❄️ The Icicle Streaming Query Language ❄️

Refutation of Facts#

This document describes how Icicle resovles fact conflicts, e.g. from duplicate facts.

Keys#

Each fact may be defined with a refutation expression, which acts as a nubBy key on the facts stream.
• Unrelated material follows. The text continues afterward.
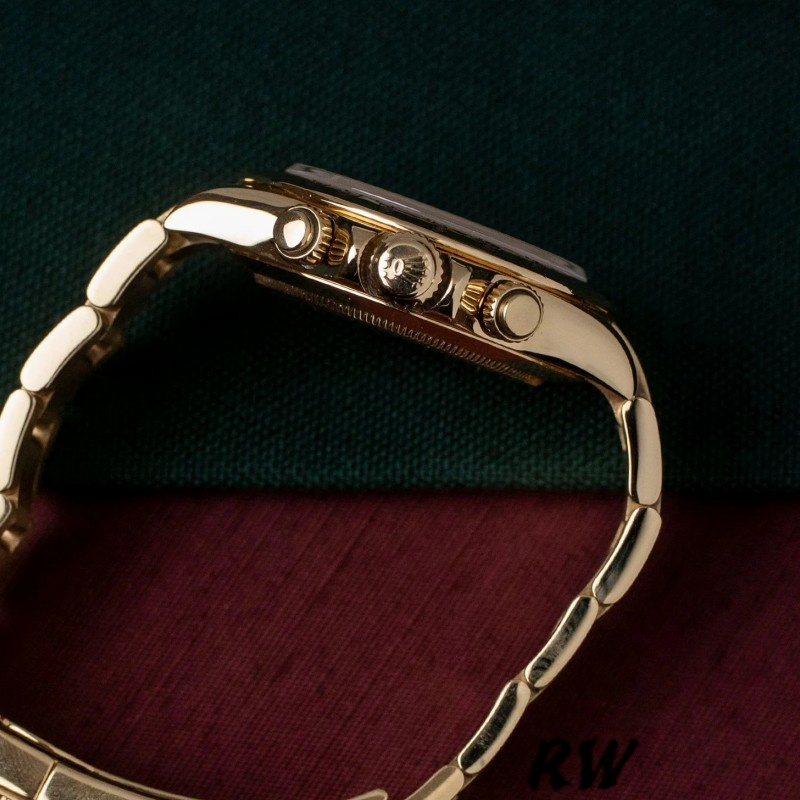 Rolex Daytona 116528 Mother of Pearl Dial 40mm Mens Replica Watch.40mm yellow gold case in diameter with screw-down Triplock winding crown and screw-down pushbuttons, protective crown guard, polished yellow gold tachymeter engraved bezel,Yellow gold Oyster bracelet with Oysterlock clasp, The Mother of Pearl dial has a lovely milky hue and sports applied yellow-gold Arabic numerals hour markers, scratch-resistant sapphire crystal,It gives this sporty chronograph an almost dreamlike quality.
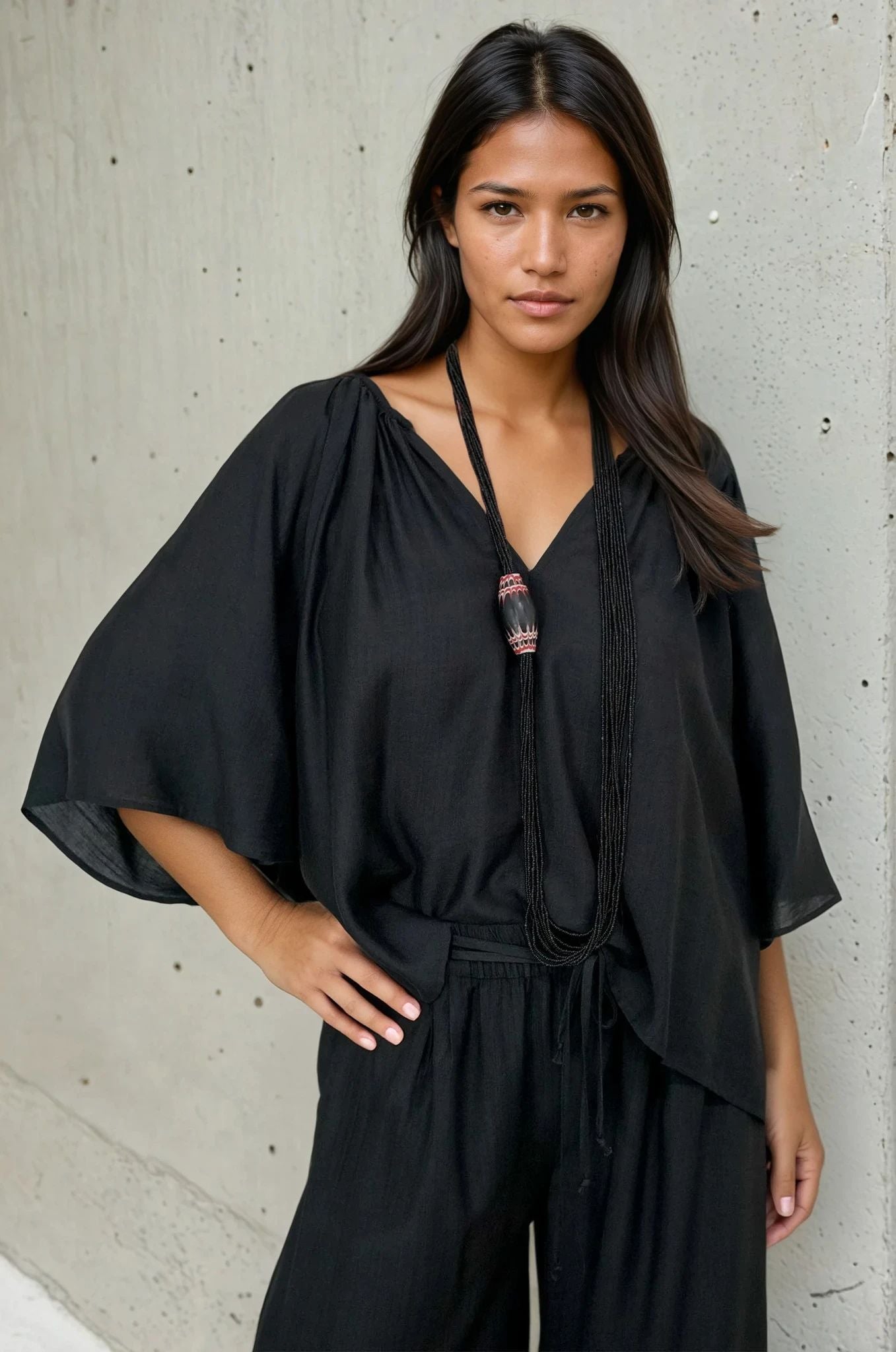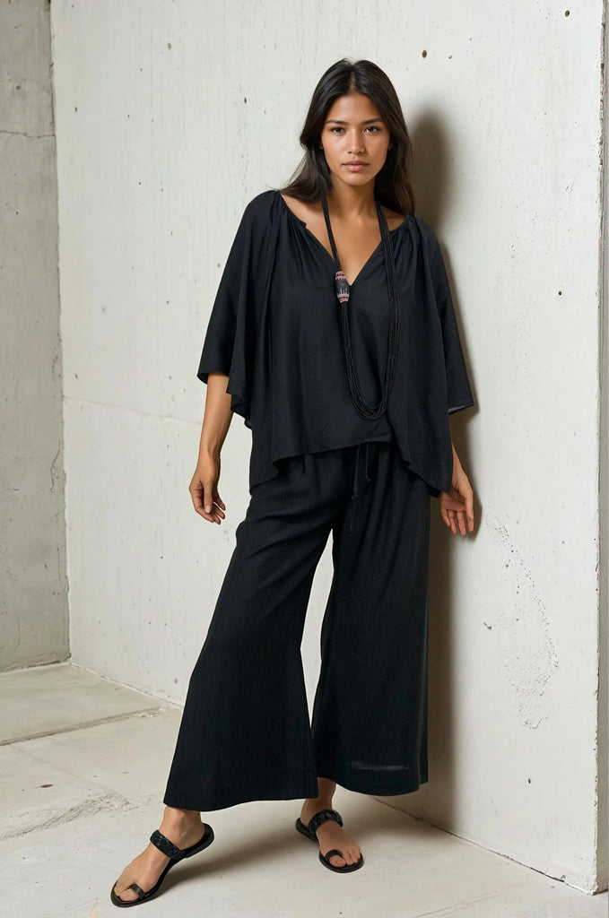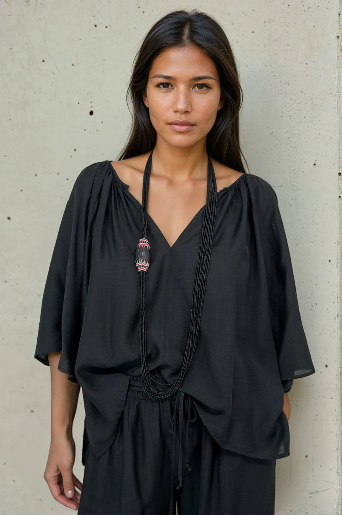 Our Black Lazie Top is a winning style for summer. It features a collarless, v notch neckline with feminine gauging, 3/4 raglan blouson sleeves finished off with an elasticated cuff & a straight hemline with side slits, that sits just on your hips, making it a must-have piece. This top looks just as beautiful tucked in or worn out. Wear with our Black Cropped Pull On Pants, our Black walking Shorts or any of our Black Jeans. Finish off your look with our Black Multi strand Bead Necklace & Black Plaited Sandals.

The key values are assumed to be monotonic.

Priorities and Keys#

Facts are nubbed as first-write-wins, since we assume:

  • Facts with higher priorities will be ingested first.
  • No fact can have the same priority, key, and value(s).

Examples#

No refutation#

This is the default. Facts are consumed as-is. Duplicate ingestion will result in duplicate facts.

Time#

[fact.keyed_by_time]
  key = "time"
  encoding="int"
  
bulbasaur|keyed_by_time|1|2014-01-01
bulbasaur|keyed_by_time|3|2014-01-01
bulbasaur|keyed_by_time|5|2016-01-01
charmander|keyed_by_time|0|2014-01-01
charmander|keyed_by_time|2|2014-01-01
> feature keyed_by_time ~> count value
[bulbasaur, 2,charmander, 1]

> feature keyed_by_time ~> newest value
[bulbasaur, 5,charmander, 0]

> feature keyed_by_time ~> group (year_of time) ~> newest value
[bulbasaur, [(2014,1),(2016,5)],charmander, [(2014,0)]]

Expression: year_of time#

[fact.keyed_by_year_of_time]
  key = "year_of time"
  encoding="string"

blatoise|keyed_by_year_of_time|foo14|2014-01-01
blatoise|keyed_by_year_of_time|foo15|2015-01-01
blatoise|keyed_by_year_of_time|foo16|2016-01-01
blatoise|keyed_by_year_of_time|foo160302|2016-03-02
blatoise|keyed_by_year_of_time|foo160307|2016-03-07
> feature keyed_by_year_of_time ~> count value
[blatoise, 3]

> feature keyed_by_year_of_time ~> newest value
[blatoise, "foo16"]

> feature keyed_by_year_of_time ~> group (year_of time) ~> newest value
[blatoise, [(2014,"foo14"),(2015,"foo15"),(2016,"foo16")]]

Struct Field#

[fact.keyed_by_field]
  key = "transaction_id"
  encoding="(transaction_id:int,dollarydoos:int)"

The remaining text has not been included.